Buona Forchetta opens in South Park
New pizzeria occupies long-empty building and brings Neopolitan style gusto.
The building across Beech Street from Alchemy sat empty for years until Buona Forchetta moved in with a wood-burning pizza oven and a guarantee of certifiable Neopolitan pizza. Now, South Parkers can’t seem to get enough of the place and it’s been filling up with pizza-hungry patrons every night.
It’s clear that no expense was spared in Buona Forchetta’s construction, as the equipment is all of the finest sort. From the handbuilt pizza oven to the Ferrari Red meat slicer poised and ready to shave some speck, everything seems to be top notch. Even the white linen napkins had the feel of quality.
Pizza, salads, and a few starters compose the menu. Simplicity rules the day, in the best Italian style. A sardine salad ($9) included tender arugula leaves tossed with plenty of lemon and olive oil. Salty parmesan cheese and delightful white anchovies topped it off without ostentation. Pizzelle ($5) were little more than deep-fried rounds of pizza smothered in bright red marinara sauce.

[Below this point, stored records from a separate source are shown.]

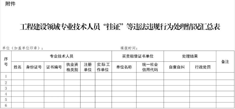 附件:工程建設(shè)領(lǐng)域?qū)I(yè)技術(shù)人員“掛證”等違法違規(guī)行為處理情況匯總表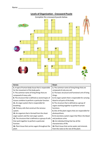 Levels of Organization Crossword Puzzle Worksheet Activity (Printable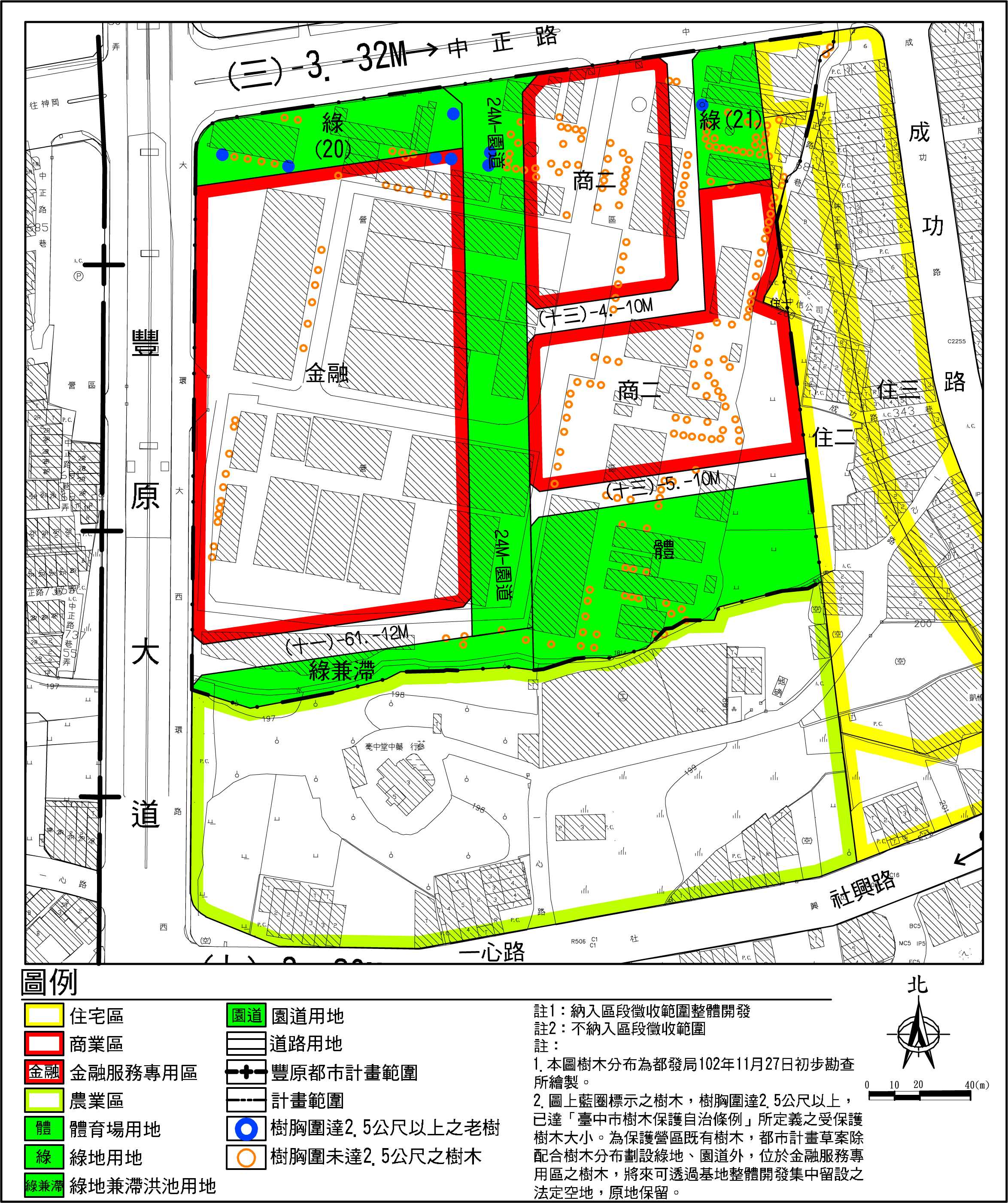 都發局表示,市府相當重視原有甲保廠營區內老樹,區內所有達老樹標準的樹木都將原地保留。104年豐富專案即將邁入土地開發階段,未來將扮演經濟發展火車頭的角色,創造2,500個就業機會,豐原地區的發展指日可待。(10/29*12)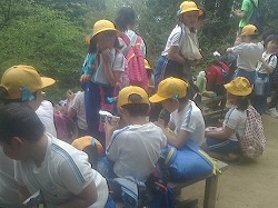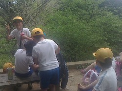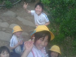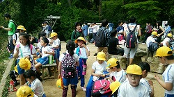 登りはじめて50分。昔、茶屋があった跡地まで来ました。先行していた人々がいたので、ちょっと混んでいます。子供たちは、けっこう元気です。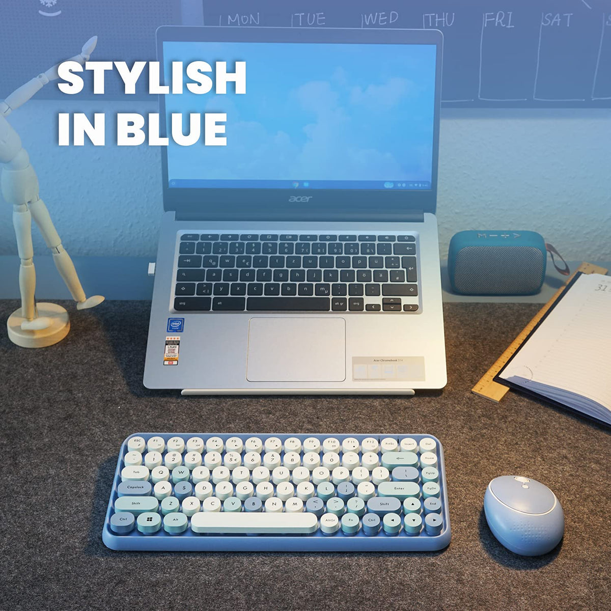 Stylish Desktop Set: A Compact Keyboard And Mouse In Shades Of Blue; With One Receiver For Both Products; Vintage Style Keyboard With Typewriter-Inspired Keys And A Rounded Mouse; Keyboard Dimensions: 12.60 X 5.40 X 1.18 Inches; Mouse Dimensions: 2.95 X 3.74 X 1.57 Inches | Wireless Connectivity: Equipped With A Wireless 2.4 Ghz Connection That Provides Stable And Uninterrupted Connection. Easy Setup And On/Off Switch On The Back Of The Mouse | Convenient Hotkeys: 12 Shortcut Keys To Easily Manage Your Media, Shortcuts For Emails, Screen Control, Internet, And Search Function | Mini Optical Mouse: A Blue Mouse With Three Buttons, Including An Adjustable Cursor Sensitivity Button In The Middle Of The Mouse (Dpi Levels: 800/1200/1600); 3 Level Power Saving Mode For The Mouse | System Compatibility: Designed For Windows 7, 8, 10, Uses 1 Usb Port For The Wireless Receiver; One Package Includes: Keyboard, Mouse, Manual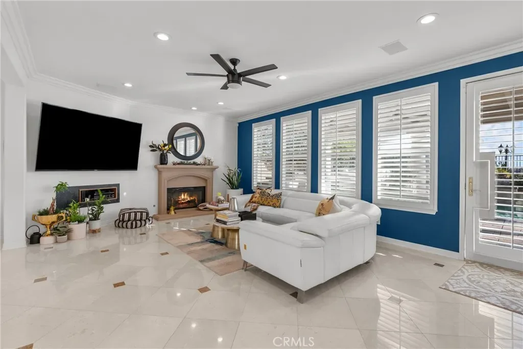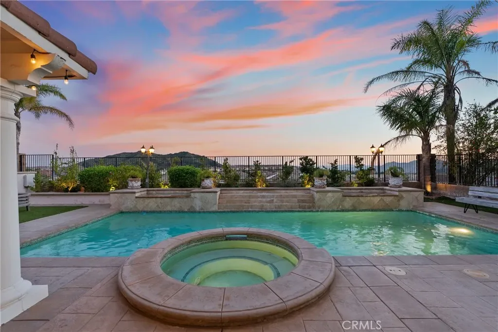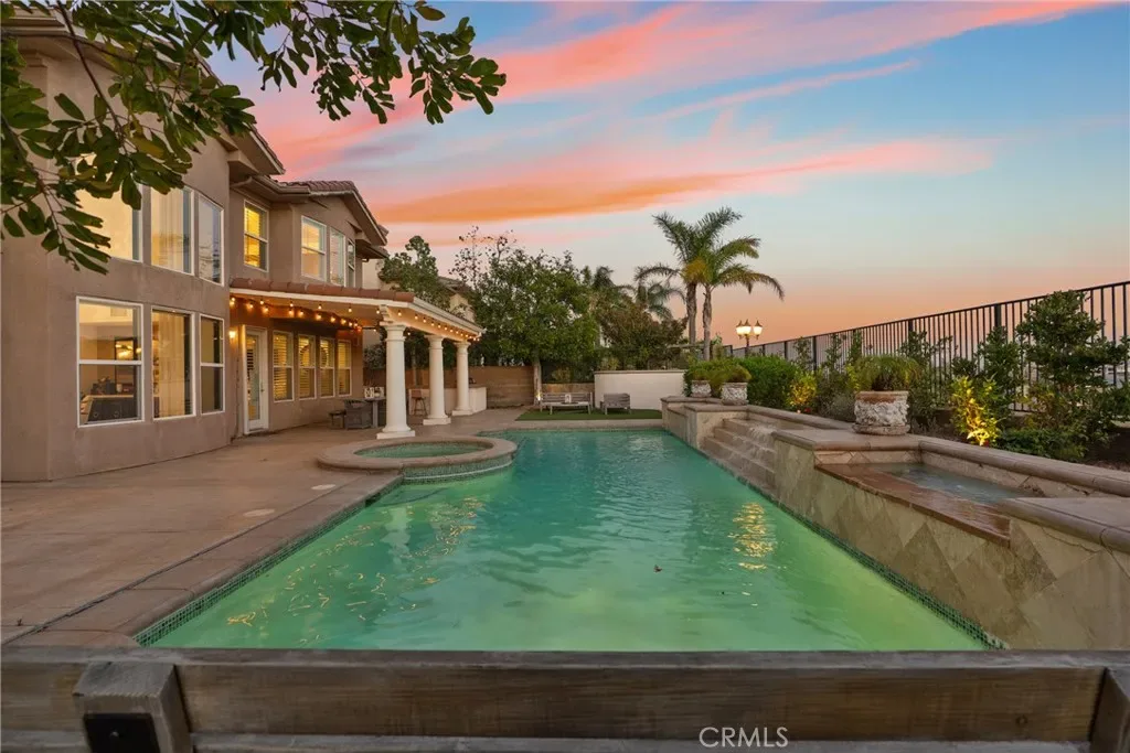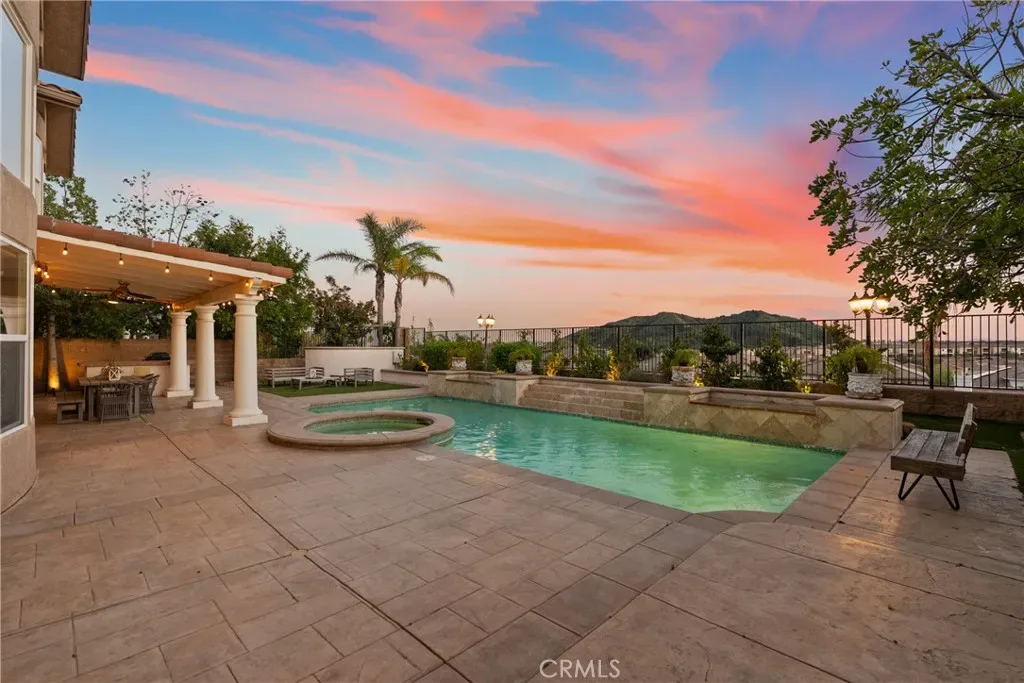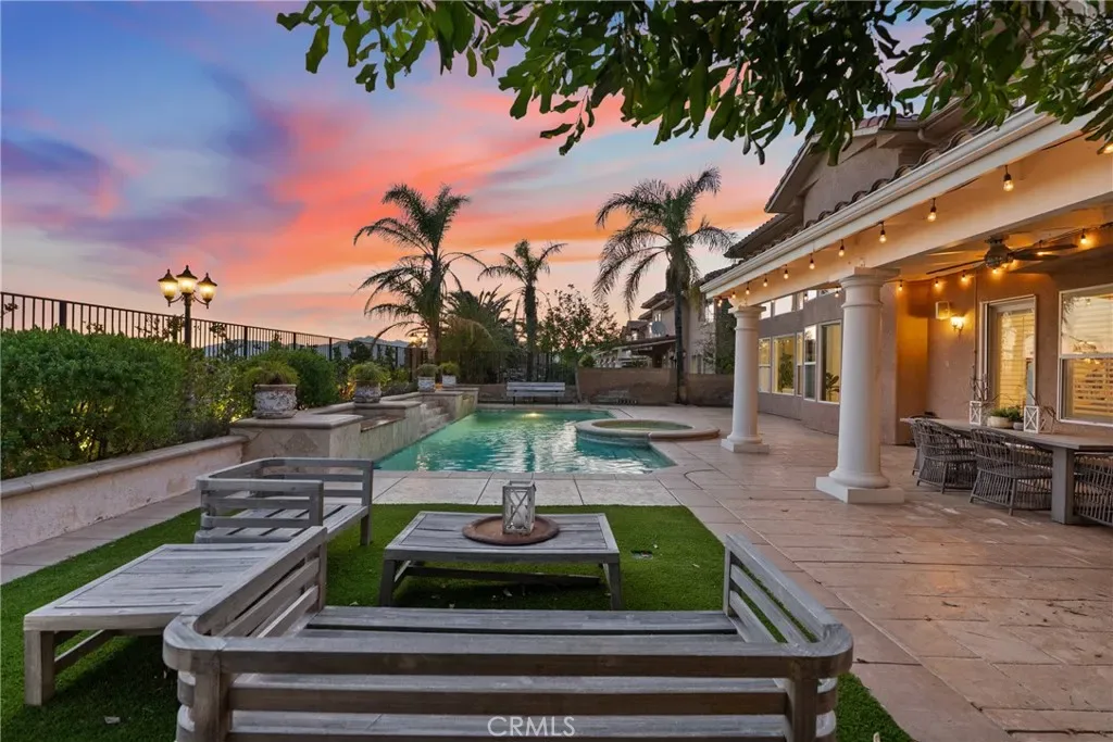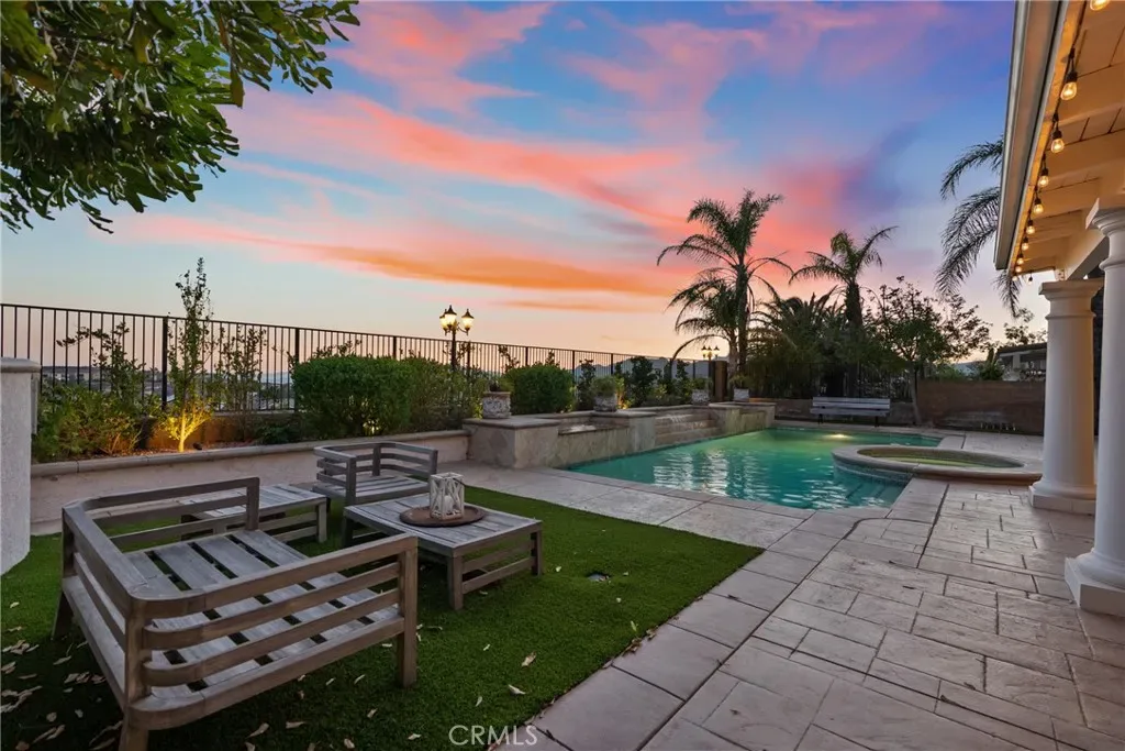 Step outside to a beautifully designed backyard oasis featuring a sparkling pool and spa, outdoor fireplace, and multiple areas for entertaining or relaxing. The outdoor space perfectly complements Southern California living with privacy and resort-style ambiance.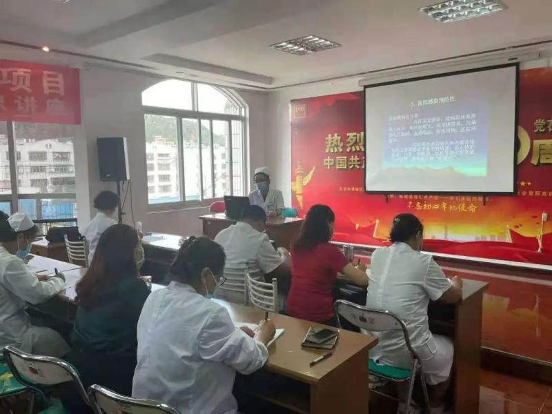在8月4日下午业务培训中,首先由内科关建军副主任医师进行《新型冠病毒肺炎诊疗方案试行第八版》解读,护理部杨啟业护士长给大家讲《医院感染管理知识培训》。

The pizza itself was certainly in the Neopolitan style. The “regina margherita” ($13) was blistered at the outer edges and so soft in the center that the only way to eat it was via fork and knife. Buffalo mozzarella was a nice touch, as the cheese’s flavor is superb, but the rest of the pizza lacked depth of character. If you’re going to produce a minimal pizza, all the elements must be without flaw. The crust was excellent, but the marinara lacked something: whether the robust flavor of roasted tomatoes or a ripe, garlicky bite, I can’t quite say. All I know is that it was too flat for my liking.
A calzone filled with prosciutto and ricotta ($11) had more going for it by virtue of the meat’s salty, umami characteristics. I’m not crazy about calzones per se, not unless they’re loaded to explosive levels, and even then I find the dough’s propensity to trap steam renders it inferior to the basic pizza.
Had I not been freshly committed to cutting back on my drinking, I would have indulged myself in Buona Forchetta’s short-but-sweet selection of (mostly) Italian and California wines in the $7-$10/glass region. As it is, I’ll have to stage a return to trip to see how the place develops. I think it has a lot of potential to be destination-worthy as the summer wears on and the patio becomes ever more enticing.